Indications That support Optimism

Consumer spending has been a great influence on the economy, having a direct impact on the retail industry revenues. It should be noted that two thirds of national GDP is made up revenues from consumer spending. Consumer spending is indeed an important aspect of analyzing the economic forecast. The Housing market is showing signs of life, as housing purchases in the first quarter increased 19%. More dramatic statistics have been coming out of Miami and New York, but it’s still too soon to exhale

Indications That support Pessimism

The rising oil prices have become an unavoidable threat to the recovery, but for some inexplicable reason consumers are taking advantage of the prices and low financing interest rates. The jobs report came in at 120,000 new jobs, which is the lowest number in several months. This could indicate that employers are not completely convinced that the economy is on the road to solid footing. Let's face it the perception of the economy is the most important aspect of the forecast. Economists and analyst can talk endlessly, but if the investors' perceptions do not concur, they stay out of the market, or get out.

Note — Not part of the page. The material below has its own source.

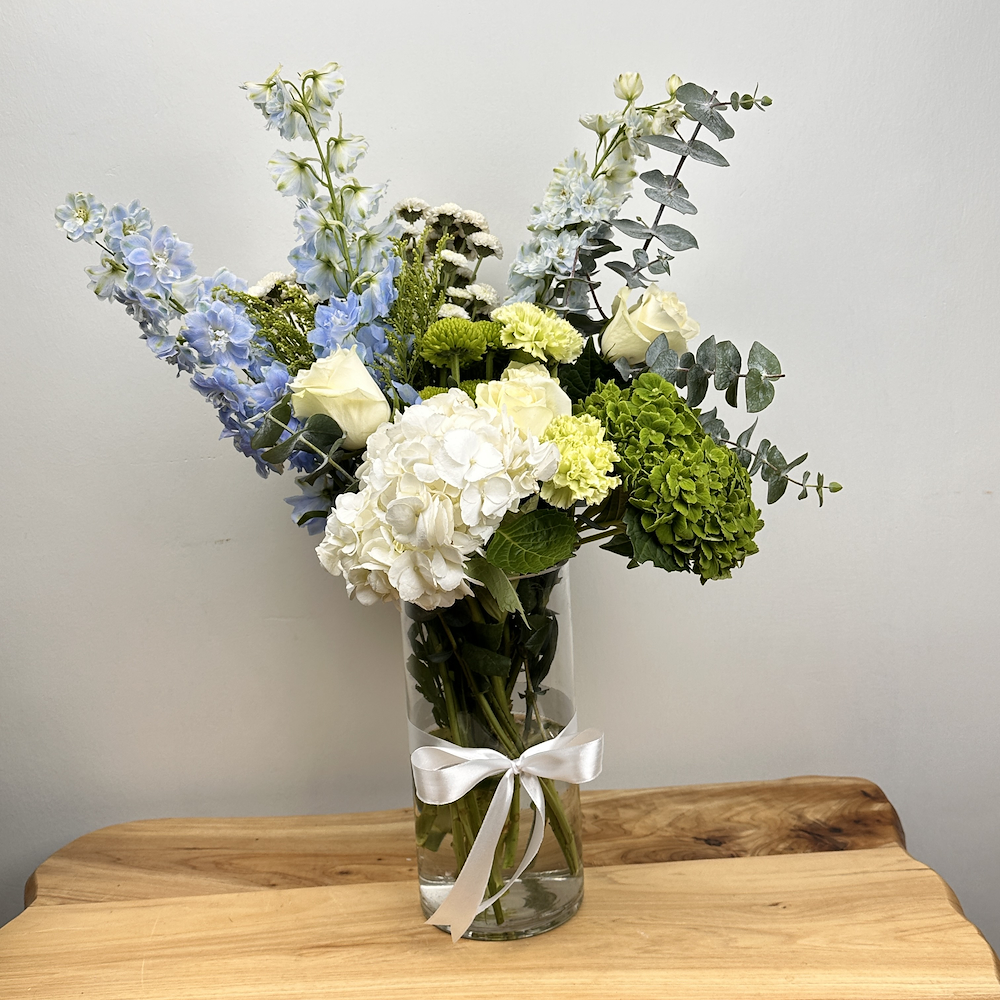 باقة زهور طبيعيه ليلي وبيبي روز وتوبر اكريلك.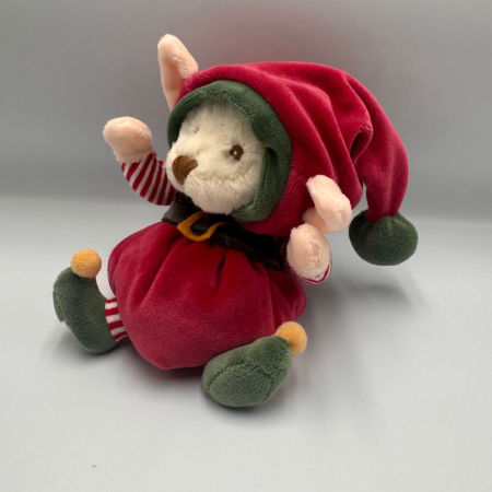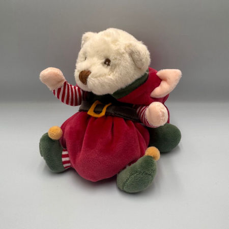 Ziggy Santa’s Little Helper to uroczy biały miś w świątecznym wydaniu, który z pewnością wprowadzi magiczną, bożonarodzeniową atmosferę. Ubrany w strój elfa w czerwono-zielonych barwach, wygląda niezwykle radośnie i przytulnie. Jego kapturek można zdjąć, co dodaje zabawce interaktywności i uroku.

The fact is there are both positive and negative influences at work, making it more challenging to decipher the indicators. If I had to take a stab at analyzing the economic indicators, I'd be likely to lean toward an optimistic forecast because of the sheer impact that consumer spending has on the GDP, and the deep discounts in the housing values which have spurred buying. Also, the earning reports illustrated that banks are thriving amid restrictive finance reforms, and retailers are reporting positive earnings that beat analysts' expectations. Tourism in the country reached an all-time high amounting to billions in added revenues in New York alone. We will just have to wait ad see, it could really go either direction in the coming months.